2.2. Determination of Nil-Strength Temperature, Zero Strength Temperature and Solidus Temperature

For the determination of the nil-strength temperatures, cylindrical specimens of diameter 6 mm and length 81 mm were prepared from the investigated steels which were supplied in the form of cuttings from continuously cast billets. From these industrially made cast billets (with the cross-sections of 150 × 150 mm), casting crusts of thickness 10 mm wer cut off. Subsequently, square bars (cross-section 10 × 10 mm) were cut longitudinally from the subsurface areas of these cast billets, from which the cylindrical specimens for the plastometer Gleeble 3800 were machined. The central area (with possible segregations) of the cast billets was not used. These cylindrical specimens were clamped into the plastometer Gleeble 3800 between special jaws which were cooled by water. The right jaw (stationary) is firmly fixed to the work chamber of the plastometer; the left jaw (movable) is connected with a pneumatic piston which, during the course of the whole test, acts on the specimen during its heating with the constant tensile force of 80 N (as can be seen in Figure 1). Due to the necessity to use high-temperature heating, the temperature during all tests was measured by platinum thermocouples type R (PtRh13–Pt) which were surface-welded in the centers of the specimens. Electric resistance heating of the specimens was two-stage in the case of this experiment; in the temperature range of 0–1200 °C, the heating rate of 20 °C·s⁻¹ was applied, and in the range of 1200–1600 °C the heating rate of 2 °C·s⁻¹ was applied. Due to the combination of the very small tensile force of 80 N and the melting of grain boundaries, the specimen was ruptured and the measured temperature suddenly declined. The experimentally determined nil-strength temperature corresponded to the highest value of the registered temperature at the moment of the loss of material consistency. This test was repeated three times due to the exclusion of the influence of possible non-homogeneities in the investigated steels and also for a statistical assessment. All these tests were carried out under a vacuum of 10⁻³ Pa. These conditions enabled us to correct the physical determination of the nil-strength temperature [5,11,33].

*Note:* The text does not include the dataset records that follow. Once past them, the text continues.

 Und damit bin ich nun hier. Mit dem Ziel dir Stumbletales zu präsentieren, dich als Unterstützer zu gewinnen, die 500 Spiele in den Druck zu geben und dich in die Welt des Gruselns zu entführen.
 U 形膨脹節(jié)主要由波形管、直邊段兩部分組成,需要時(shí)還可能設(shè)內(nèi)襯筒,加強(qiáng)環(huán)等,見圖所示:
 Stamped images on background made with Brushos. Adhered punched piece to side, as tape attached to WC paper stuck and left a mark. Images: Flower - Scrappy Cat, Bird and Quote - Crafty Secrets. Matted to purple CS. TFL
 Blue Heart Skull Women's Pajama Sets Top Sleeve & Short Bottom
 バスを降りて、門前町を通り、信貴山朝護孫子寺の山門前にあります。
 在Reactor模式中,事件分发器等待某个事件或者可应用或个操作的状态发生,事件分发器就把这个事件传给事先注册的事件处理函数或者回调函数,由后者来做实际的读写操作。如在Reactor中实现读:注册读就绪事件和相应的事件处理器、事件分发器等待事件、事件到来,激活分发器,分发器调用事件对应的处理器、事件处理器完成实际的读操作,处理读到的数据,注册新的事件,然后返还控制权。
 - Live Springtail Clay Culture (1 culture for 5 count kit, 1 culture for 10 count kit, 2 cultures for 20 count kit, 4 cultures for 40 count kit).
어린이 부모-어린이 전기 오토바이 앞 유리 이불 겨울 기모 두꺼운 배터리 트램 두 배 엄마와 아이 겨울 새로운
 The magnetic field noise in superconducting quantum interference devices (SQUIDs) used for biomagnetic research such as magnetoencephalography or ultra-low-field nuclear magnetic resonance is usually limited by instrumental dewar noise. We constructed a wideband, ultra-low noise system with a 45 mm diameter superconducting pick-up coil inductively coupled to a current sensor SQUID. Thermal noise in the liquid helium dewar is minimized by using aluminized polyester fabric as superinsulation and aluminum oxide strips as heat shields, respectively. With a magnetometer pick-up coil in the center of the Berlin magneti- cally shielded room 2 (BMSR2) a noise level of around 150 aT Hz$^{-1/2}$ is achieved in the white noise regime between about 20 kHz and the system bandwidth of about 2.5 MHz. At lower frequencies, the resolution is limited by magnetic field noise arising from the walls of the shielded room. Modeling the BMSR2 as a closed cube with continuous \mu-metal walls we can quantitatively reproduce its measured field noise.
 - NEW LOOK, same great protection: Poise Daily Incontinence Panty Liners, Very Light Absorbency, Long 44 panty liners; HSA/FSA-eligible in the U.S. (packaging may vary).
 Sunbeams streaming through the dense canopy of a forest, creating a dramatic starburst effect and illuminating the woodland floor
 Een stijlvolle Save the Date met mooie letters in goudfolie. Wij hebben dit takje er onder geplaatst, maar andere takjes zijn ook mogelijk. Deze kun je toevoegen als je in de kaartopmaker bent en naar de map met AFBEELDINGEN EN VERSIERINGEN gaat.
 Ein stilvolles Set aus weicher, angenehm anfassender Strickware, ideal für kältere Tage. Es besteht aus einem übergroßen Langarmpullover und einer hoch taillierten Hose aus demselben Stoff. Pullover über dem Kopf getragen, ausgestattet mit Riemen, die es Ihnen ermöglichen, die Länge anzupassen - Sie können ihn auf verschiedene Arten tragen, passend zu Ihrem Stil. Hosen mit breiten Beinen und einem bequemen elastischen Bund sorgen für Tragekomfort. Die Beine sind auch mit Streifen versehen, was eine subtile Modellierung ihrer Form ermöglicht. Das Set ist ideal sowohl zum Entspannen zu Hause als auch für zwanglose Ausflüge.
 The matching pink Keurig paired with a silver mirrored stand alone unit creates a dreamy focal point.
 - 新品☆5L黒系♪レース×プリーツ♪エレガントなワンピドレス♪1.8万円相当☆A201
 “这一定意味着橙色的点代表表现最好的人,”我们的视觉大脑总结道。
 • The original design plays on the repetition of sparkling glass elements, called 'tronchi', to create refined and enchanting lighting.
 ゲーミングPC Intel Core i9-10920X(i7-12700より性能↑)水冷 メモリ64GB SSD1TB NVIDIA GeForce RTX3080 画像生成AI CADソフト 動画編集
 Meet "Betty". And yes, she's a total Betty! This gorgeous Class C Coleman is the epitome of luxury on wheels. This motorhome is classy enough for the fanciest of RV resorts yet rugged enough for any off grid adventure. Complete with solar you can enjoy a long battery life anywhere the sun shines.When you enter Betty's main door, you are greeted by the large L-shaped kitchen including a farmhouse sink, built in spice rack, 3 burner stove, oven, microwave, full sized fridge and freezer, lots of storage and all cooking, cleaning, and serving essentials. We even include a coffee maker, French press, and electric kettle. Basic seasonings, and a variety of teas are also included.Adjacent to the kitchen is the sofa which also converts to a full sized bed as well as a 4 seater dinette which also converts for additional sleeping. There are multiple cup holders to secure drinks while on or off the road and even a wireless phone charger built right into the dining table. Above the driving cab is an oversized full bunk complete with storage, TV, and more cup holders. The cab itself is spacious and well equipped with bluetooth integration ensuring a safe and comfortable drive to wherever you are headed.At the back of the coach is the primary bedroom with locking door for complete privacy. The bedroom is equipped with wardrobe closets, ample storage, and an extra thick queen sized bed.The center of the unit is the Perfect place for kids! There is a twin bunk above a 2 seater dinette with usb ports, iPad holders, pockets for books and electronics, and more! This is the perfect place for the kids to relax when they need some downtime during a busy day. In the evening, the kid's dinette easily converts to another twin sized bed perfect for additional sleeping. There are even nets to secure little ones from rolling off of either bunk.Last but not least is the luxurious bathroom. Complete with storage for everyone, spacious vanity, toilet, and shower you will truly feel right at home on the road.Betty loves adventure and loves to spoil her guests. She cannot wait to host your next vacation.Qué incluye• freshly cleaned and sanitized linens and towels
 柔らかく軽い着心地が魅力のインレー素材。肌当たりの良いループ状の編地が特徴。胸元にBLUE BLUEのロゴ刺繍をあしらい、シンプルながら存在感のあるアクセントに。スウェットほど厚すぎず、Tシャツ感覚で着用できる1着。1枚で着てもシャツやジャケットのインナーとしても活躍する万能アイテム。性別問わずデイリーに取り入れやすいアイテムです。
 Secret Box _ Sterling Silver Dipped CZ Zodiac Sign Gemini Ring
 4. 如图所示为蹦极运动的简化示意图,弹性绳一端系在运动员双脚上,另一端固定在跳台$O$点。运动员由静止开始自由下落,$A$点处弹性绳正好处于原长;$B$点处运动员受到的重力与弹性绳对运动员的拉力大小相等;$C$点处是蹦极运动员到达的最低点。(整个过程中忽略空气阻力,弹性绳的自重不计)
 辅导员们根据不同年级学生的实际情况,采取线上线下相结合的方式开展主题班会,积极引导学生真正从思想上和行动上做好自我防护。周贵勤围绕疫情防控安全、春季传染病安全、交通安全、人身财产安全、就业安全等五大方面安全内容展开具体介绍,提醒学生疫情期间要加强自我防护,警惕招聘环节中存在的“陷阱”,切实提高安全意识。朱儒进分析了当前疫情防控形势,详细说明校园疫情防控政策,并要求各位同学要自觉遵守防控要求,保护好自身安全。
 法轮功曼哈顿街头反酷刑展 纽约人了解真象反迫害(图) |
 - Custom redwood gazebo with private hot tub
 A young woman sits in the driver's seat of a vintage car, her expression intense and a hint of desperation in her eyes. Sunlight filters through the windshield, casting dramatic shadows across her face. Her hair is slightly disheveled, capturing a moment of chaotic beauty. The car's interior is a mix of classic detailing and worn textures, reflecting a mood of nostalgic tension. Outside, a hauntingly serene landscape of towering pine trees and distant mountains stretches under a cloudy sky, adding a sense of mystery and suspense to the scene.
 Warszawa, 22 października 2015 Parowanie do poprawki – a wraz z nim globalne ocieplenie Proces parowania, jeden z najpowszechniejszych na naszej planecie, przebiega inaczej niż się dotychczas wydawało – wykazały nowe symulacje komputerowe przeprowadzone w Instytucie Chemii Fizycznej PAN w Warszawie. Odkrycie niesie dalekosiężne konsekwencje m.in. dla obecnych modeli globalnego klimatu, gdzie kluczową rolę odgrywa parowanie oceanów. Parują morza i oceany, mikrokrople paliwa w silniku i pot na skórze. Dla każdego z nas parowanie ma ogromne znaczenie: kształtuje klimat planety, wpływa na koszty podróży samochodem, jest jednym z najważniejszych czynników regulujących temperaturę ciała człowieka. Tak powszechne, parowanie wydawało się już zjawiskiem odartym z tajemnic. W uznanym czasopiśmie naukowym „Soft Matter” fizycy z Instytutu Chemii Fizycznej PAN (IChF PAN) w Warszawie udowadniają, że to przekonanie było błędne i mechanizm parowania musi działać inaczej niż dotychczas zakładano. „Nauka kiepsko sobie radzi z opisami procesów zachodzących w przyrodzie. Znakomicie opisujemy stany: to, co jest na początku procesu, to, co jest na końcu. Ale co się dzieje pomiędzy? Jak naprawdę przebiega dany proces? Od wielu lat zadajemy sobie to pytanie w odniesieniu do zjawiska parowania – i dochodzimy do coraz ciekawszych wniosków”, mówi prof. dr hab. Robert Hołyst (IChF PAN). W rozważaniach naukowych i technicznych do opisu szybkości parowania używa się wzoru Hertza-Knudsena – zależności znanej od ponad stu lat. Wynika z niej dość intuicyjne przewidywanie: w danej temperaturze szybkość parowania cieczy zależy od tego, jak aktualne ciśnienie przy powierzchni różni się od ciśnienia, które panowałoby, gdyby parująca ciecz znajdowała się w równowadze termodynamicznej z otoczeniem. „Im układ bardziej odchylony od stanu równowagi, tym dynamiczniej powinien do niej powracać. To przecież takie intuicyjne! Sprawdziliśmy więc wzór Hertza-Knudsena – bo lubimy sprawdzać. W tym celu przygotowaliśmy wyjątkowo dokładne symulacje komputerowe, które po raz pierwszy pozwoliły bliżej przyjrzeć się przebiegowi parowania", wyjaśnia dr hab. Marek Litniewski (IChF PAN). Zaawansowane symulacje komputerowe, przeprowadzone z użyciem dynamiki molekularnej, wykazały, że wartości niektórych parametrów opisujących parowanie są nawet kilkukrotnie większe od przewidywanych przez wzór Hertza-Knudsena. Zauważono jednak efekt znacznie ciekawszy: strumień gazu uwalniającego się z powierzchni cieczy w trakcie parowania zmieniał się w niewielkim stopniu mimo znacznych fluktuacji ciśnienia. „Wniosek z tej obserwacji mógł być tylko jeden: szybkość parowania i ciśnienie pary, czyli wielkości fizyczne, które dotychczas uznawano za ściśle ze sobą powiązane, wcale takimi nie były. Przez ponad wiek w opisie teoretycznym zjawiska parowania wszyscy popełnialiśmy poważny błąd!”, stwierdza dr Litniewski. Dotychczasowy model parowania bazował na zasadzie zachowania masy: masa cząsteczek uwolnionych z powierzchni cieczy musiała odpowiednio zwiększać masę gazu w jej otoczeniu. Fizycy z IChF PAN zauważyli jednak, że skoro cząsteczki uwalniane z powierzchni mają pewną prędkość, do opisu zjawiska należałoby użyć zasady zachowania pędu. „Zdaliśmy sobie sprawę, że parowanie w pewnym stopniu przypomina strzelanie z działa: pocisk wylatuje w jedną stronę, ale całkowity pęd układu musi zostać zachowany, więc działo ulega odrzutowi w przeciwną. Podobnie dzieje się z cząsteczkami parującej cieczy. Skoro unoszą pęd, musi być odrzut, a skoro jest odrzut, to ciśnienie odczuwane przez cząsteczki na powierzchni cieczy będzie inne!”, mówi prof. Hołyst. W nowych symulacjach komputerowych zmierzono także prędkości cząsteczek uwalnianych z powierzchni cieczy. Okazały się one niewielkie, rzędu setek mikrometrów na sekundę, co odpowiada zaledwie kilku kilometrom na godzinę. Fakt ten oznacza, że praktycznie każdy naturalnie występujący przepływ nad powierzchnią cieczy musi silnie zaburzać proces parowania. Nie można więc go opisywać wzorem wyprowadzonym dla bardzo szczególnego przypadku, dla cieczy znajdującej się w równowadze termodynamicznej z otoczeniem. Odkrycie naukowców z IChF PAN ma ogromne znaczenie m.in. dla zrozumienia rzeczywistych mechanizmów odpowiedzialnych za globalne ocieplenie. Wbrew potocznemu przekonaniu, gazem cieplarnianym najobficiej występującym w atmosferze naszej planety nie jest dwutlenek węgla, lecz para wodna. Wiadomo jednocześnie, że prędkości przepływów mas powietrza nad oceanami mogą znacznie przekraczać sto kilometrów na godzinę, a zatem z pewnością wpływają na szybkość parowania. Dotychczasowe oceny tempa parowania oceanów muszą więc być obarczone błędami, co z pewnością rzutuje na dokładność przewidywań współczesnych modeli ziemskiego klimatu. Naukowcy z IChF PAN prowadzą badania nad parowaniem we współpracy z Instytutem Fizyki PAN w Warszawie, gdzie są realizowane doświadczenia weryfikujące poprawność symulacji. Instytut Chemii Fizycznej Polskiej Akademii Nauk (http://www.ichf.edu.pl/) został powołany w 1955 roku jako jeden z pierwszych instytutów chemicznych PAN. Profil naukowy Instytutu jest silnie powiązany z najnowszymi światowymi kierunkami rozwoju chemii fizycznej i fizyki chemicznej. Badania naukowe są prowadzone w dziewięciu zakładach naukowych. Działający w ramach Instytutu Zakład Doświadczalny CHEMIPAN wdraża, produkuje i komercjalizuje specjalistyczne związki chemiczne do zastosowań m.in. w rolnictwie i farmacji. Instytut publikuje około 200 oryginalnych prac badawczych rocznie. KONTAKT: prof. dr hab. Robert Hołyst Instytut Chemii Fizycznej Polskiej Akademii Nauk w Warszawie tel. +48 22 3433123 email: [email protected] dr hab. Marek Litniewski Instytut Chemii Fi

By using the IDS software, the zero strength temperature and the solidus temperature were determined at the equilibrium conditions of solidification of the investigated steels. The IDS software with a thermodynamic-kinetic model was developed for the simulation of the phase transformations during solidification of low-alloy and anticorrosive steels. For the calculation of phase-transformation temperatures, the IDS software uses thermodynamic equations considering a chemical potential and weight balance, wherein Fick’s second law is applied. Depending on the chemical composition of steel and a chosen equilibrium or non-equilibrium state during cooling, the software determines the zero strength temperature, phase transformation temperatures, a portion and composition of the phases for different temperatures and other parameters [34,35,36].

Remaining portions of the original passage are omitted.